> _What is expected_: After locating the line that contains "更に英語での数字や金額などの言い方もこのアプリで学べます。" in the material below, copy that line and each one following it, exactly, up to the last line. Pictures stay out.

> _Available data_:
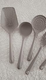 Set 5 utensili mestolame Abert Cucinart colore tortora in nylon, resistenza fino a 210°C. Nuovissimi, perfetti per la preparazione e per il servizio in tavola.
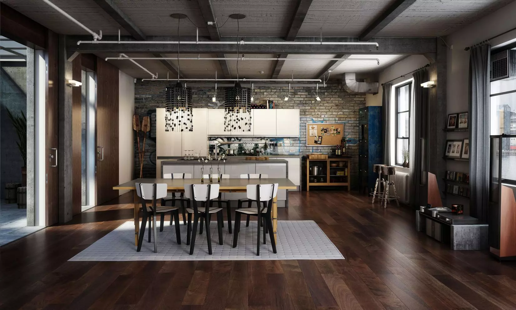 Phong cách công nghiệp lấy cảm hứng từ các nhà máy và kho xưởng cũ, với sự sử dụng của thép không gỉ, gỗ thô và bê tông. Phong cách này thường có các đường nét cứng cáp và màu sắc tối giản, tạo ra không gian sống mạnh mẽ và hiện đại.
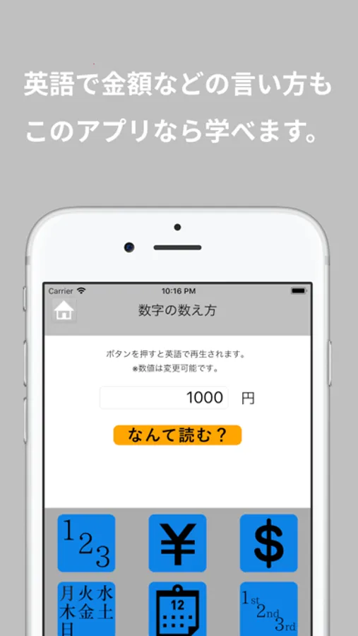 更に英語での数字や金額などの言い方もこのアプリで学べます。
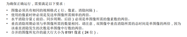 视频源的话我目前就是把原复制模式显示的内容像素时钟频率变成了原来的两倍,水平消隐分量扩大了两倍,行像素扩大了两倍,垂直消隐的同步周期没有变化,把垂直消隐的前后沿增大让垂直消隐的和变成了原来的二倍

> _Output for this exercise_:
 更に英語での数字や金額などの言い方もこのアプリで学べます。
 视频源的话我目前就是把原复制模式显示的内容像素时钟频率变成了原来的两倍,水平消隐分量扩大了两倍,行像素扩大了两倍,垂直消隐的同步周期没有变化,把垂直消隐的前后沿增大让垂直消隐的和变成了原来的二倍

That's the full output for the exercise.